I think it’s just the normal noise/lighting/etc that is always there. You just have no reason to actually notice it (it provides no benefit to e.g. a hunter gatherer) so the brain normally disregards it. It’s a fundamental property of the universe but then again so is everything else.
I was thinking of noise - or randomness. It crops up in many places. When I was studying visual perception a long time ago (back during the second wave of neural networks) it amazed me what a hostile mechanism light is for actually getting a coherent signal that looks well put together (like what our brain does)
It's all the more interesting because consciousness itself is often described as a consequence of a sensory loop on the brain. The book "I am a strange a loop" goes into detail about this theory.
I remember being 15 or 16 and an older adult friend in my computer club describing LSD to me: "You know when you turn on your computer and the cartridge isn't in right or you have some fault on the PCB bridging some lines on the data or address bus to the video chip? Something like that... LSD is like opening the case of your Commodore 64 and dropping in some loose metal screws..."

I feel like the analogy holds, at least for simple computers like that where the machine still runs, but with weird alterations. You can look at the patterns that the chip is generating and ... see something [for me never particularly visual, more philosophical]. But it's really just throwing things... off. There's something to learn there, I guess, but I never thought it was terribly metaphysical.

More just evidence that our experience is always mediated, and a sensory change [internal senses as well], a change in texture of mood and thought, and not a very functional one.

  and once you do it seems like a really big deal, but really, it's not
do you mean to say "its not a big deal" or "its ends up not being a big deal to most people" ?

it was a little ambiguius to me what was being implied...

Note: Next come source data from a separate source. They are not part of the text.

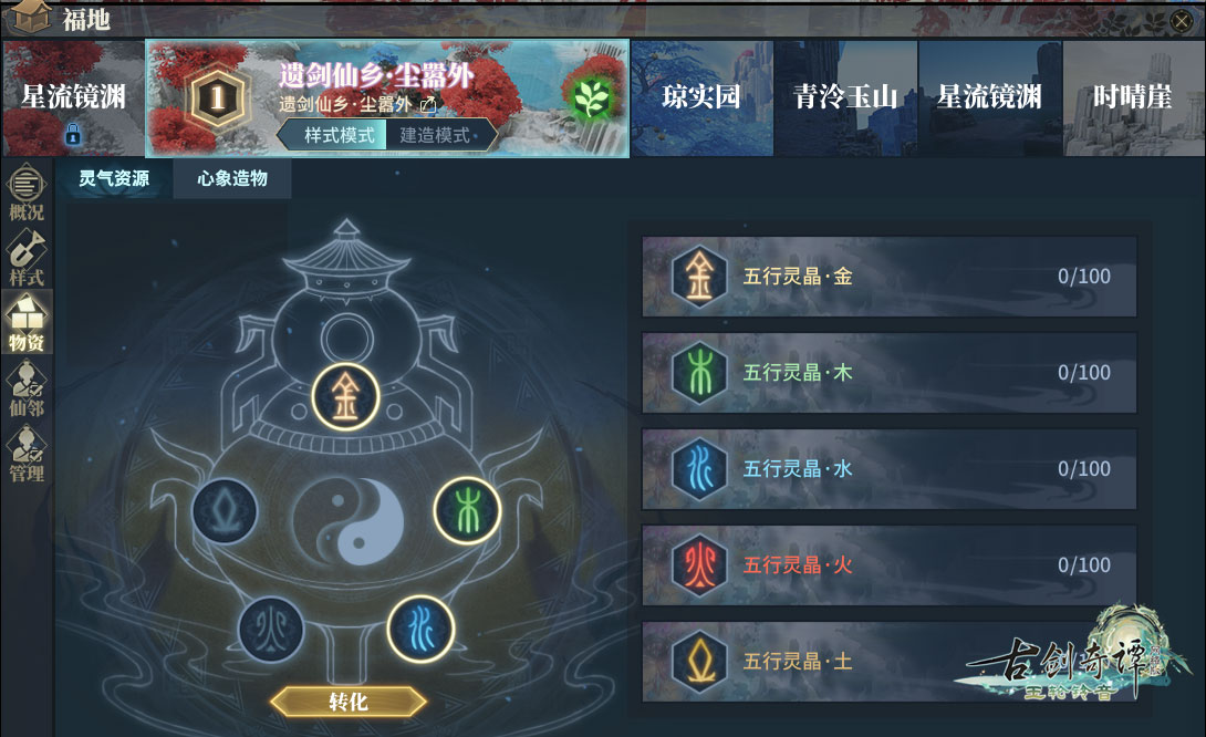 新增五行灵气概念,让仙府心象造物制作变得更容易
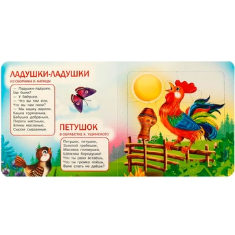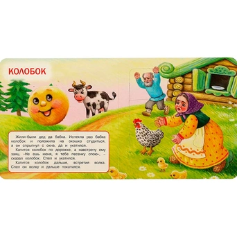 На каждом развороте малышу предлагается собрать красочный пазл по сюжету сказки.
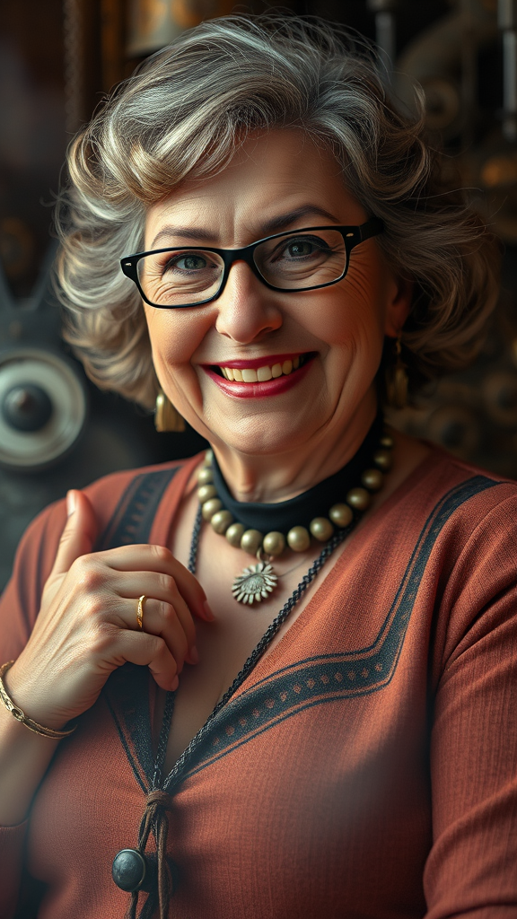 70-year-old, pleasantly plump woman with a cheeky smile, inspired by the styles of Mark Citret and Carl Frederik von Breda. The image blends the essence of Ed Benedict's whimsical touch, Guillermo Espinosa's flair, and Colin Campbell Cooper's attention to detail. Captured in a steampunk setting with emphasis on negative space, the scene is color graded to enhance its cinematic quality, reminiscent of an analog film still. This hyper-realistic, ultra-high-definition portrait, shot with the Fujifilm XT3 and the classic Olympus XA2 Camera using an 85mm F/2.8 lens, features soft lighting and realistic film grain. The HDR effect highlights the volumetric lighting and subtle fog, creating a moist ambiance with reflections that add depth. The composition, inspired by Modular Constructivism and the vibrant Thomson MO5 color palette, showcases an editorial fashion aesthetic with a psychedelic twist. The focus is on the woman's expressive, beautifully detailed face and pretty hands, captured with a shallow depth of field for a dreamy yet hyper-detailed effect. The cinematic composition ensures the image serves as striking cover art, capturing the essence of creativity and realism while avoiding common pitfalls like digital artifacts, poor lighting, or disproportionate anatomy.
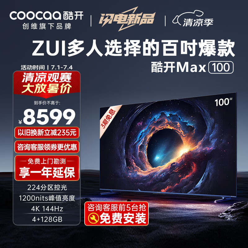 酷开创维Max100 100英寸电视1200nits峰值亮度 分区控光 4+128GB 欧洲杯144Hz高刷电视机100P60 P价格:8599.00元!
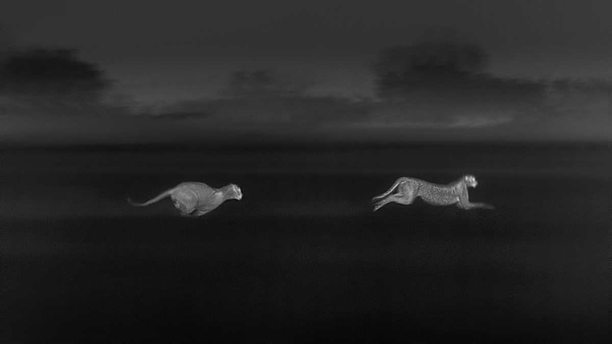 Pobe's cubs are under threat at night from a leopard after their meal.
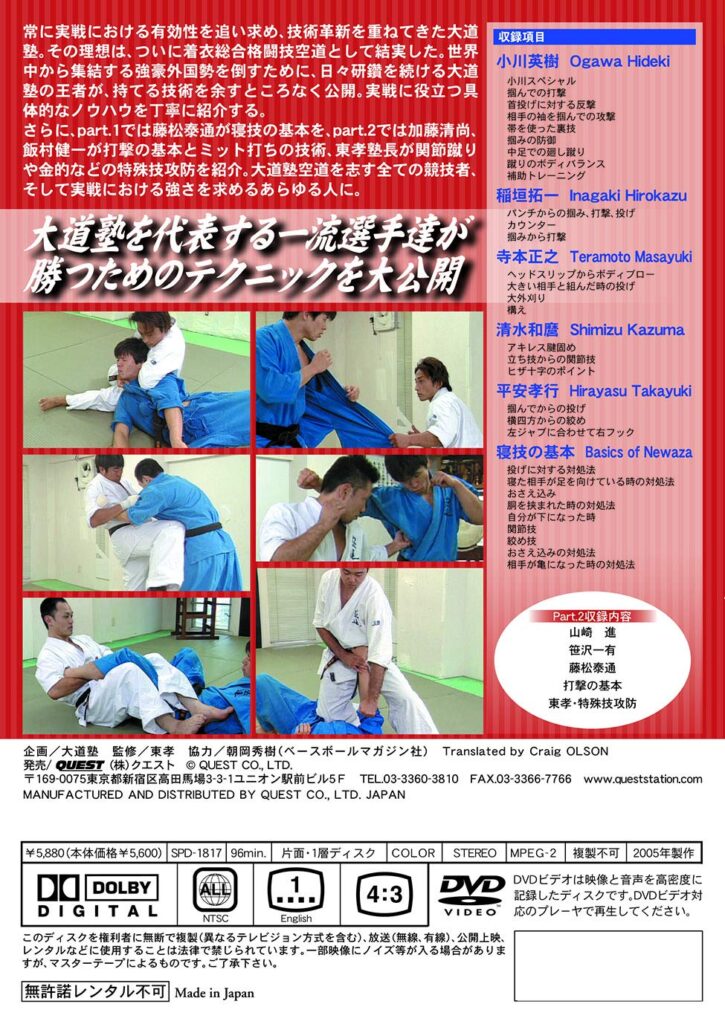 | Kudo é uma nova arte marcial total oriunda da Daidojuku (organização de Karate Full Contact) e composta por Judô, Jiu-Jitsu e Karate Full Contact. Masayuki Teramoto, Kazuma Shimizu e Takayuki Hirayasu. Vol.1 apresenta Noções básicas de Newaza. Neste DVD, você aprenderá com os melhores instrutores de Kudo, incluindo Hideki Ogawa (1º Campeão Mundial de Kudo de peso leve), Hirokazu Inagaki, Masayuki Teramoto, Kazuma Shimizu e Takayuki Hirayasu. Idioma: Japonês Tempo de execução: 96 min.
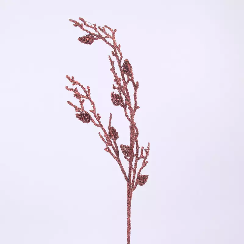 Decora con estilo natural y sofisticación. Esta rama de 76 cm en tela color café es ideal para completar arreglos navideños, coronas, centros de mesa o guirnaldas, aportando altura y textura a tus espacios.
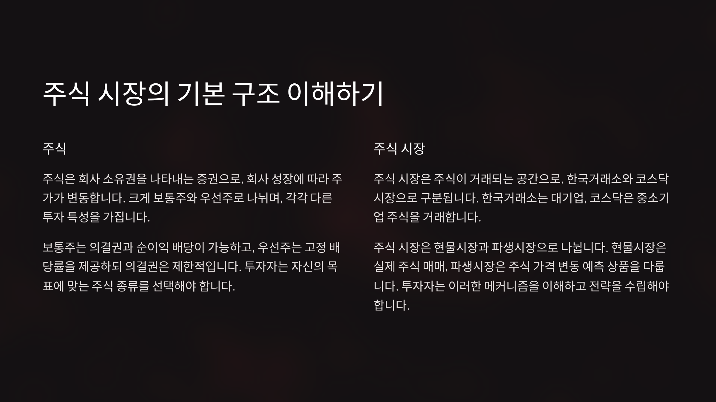 주식 시장은 많은 사람들이 부를 쌓기 위해 뛰어드는 곳이지만, 제대로 이해하지 못하면 큰 손실을 볼 수도 있어요. 성공적인 투자를 위해서는 시장 구조, 흐름을 읽는 법, 경제 지표 해석, 투자 전략 등을 알아야 해요.
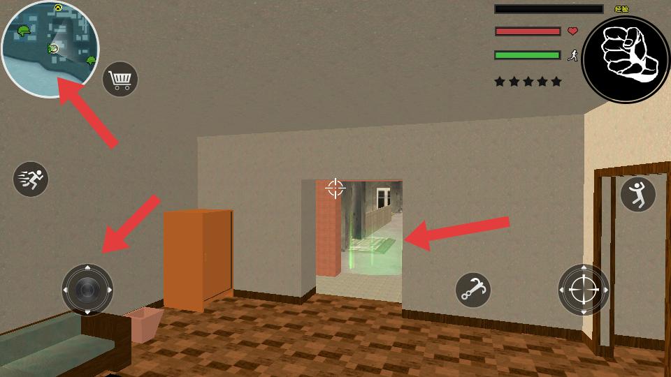 3、進入室內場景,借助小地圖和虛擬按鍵,操控角色在房間內移動,尋找出口或任務目標,應對可能出現的狀況。
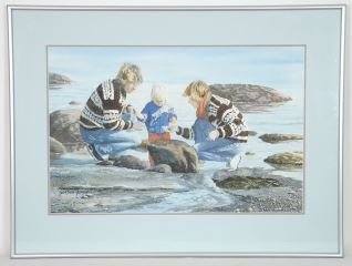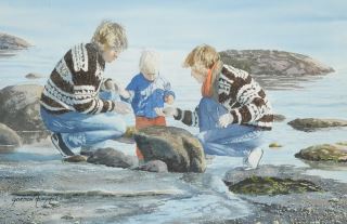 Watercolour signed Gordon Herschel 1990, 14 1/4" x 21 5/8", "Exploring Tide Pools".
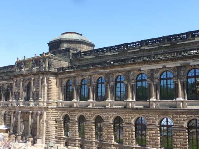 Gottfried Semper errichtete von 1847 bis 54 diesen Museumsbau im Stil der italienischen Hochrenaissance im Zentrum von Dresden. Er ist denkmalgeschützt, in ihm ist die Gemäldegalerie ALTE MEISTER untergebracht. Semper erhielt den Auftrag im Jahre 1838 von König Friedr. Aug. II. Da er aber am Maiaufstand 1849 beteiligt war, mußte er aus Sachsen fliehen, da war der Bau schon bis zum Erdgeschoß fertig. 2 Schüler von ihm übernahmen den weiteren Bau, wobei der Bildhauer Ernst Rietschel die Fassadenentwürfe fertigte, Semper aber darauf Einfluß nahm. Seit 2013 wird das Gebäude erneuert. Der Ostflügel ist praktisch 2017 fertig geworden, sodaß die wichtigsten Bilder darin gehängt werden konnten. Der Westflügel ist jetzt in Arbeit. Durch das undichte Dach drang Wasser ins Mauerwerk, das von Schimmel befallen ist, es muß gänzlich erneuert werden, Voraussichtlich reichen die geplanten 50 Mio. Euro nicht aus. Bei unserem Besuch konnten wir nur im Ostflügel die Bilder anschauen, aber die wirklichen Sensationen wie die Sixt. Madonna ; das Wiener Schokoladenmädchen, auch verschiedene Canaletto-Veduten aus Dresden und Venedig waren dort zu sehen. Der Semperbau ist Teil des Zwingers, er hat eine Fassade zum Innenhof und zum Theaterplatz, wer den Zwinger besucht, kann Aussen und Innen völlig kostenfrei aufsuchen, für Gäste die nur am Zwinger interessiert sind um Fotos zu machen, ganz herrlich. Nicht jeder hat Interesse an den Alten Meistern. Auch die Orangenbäumchen sind wieder dort.

It's that the discovery that our personal coherence and experience is very narrow, is very jarring when we haven't experienced it before and haven't developed cognitive tools to manage that. It's like discovering that from some other perspective that exists in the substrate, it's likely that your entire experience of the world is as bounded and low-entropy as a drawing or a song. If the sudden apprehension that we may be this absurd isn't belly laugh funny, I am confident that someone else especially finds this fact of us not finding it funny even funnier. There's nothing we can do about it, so you just appreciate it for what it is, relieve suffering where you can, and be excited about what else you couldn't have known.
> it's likely that your entire experience of the world is as bounded and low-entropy as a drawing or a song

YES. I've been following some threads related to the Leiden Theory of Language, which basically proposes that human minds differ from other creatures' right now mostly because we're an advanced semiotic organism that has carved out and evolved an ecological niche inside of an specific area of a biological host organism: the human mind. Basically, the mundane world we live every day is not so dissimilar from the one we imagine as an otherworldly future where we might become cyborgs of tech and biology... but we're ALREADY an organic cyborg of language/semiotics and biology. As in, shit is already weird, we just can't recognize the weirdness so well. Perhaps our fellow travellers (other animals) see us best for what we are.

Anyhow, re: drawings/songs. Through this distorted lens, I've been trying to see the way that our stories and narratives are in some ways like our children. I'm trying to see humans as being more like songs or drawings than we care to admit. Or rather, I'm noticing that we find these other things more "disposable" and we feel less kinship with them when they're persisting in various non-human substrates. We don't mourn their loss as fiercely as the loss of a semiotic-biological cyborg that is wrapped inside another human. But that's just our own bias. Maybe some of these lost narratives and semiotic systems deserve to be mourned just as much. Maybe we should be just as sad for the loss of groups of meaning and narrative (other cultures), but we're just not hard-coded to sense it as well...

And really vibing with your use of the word "substrate" btw.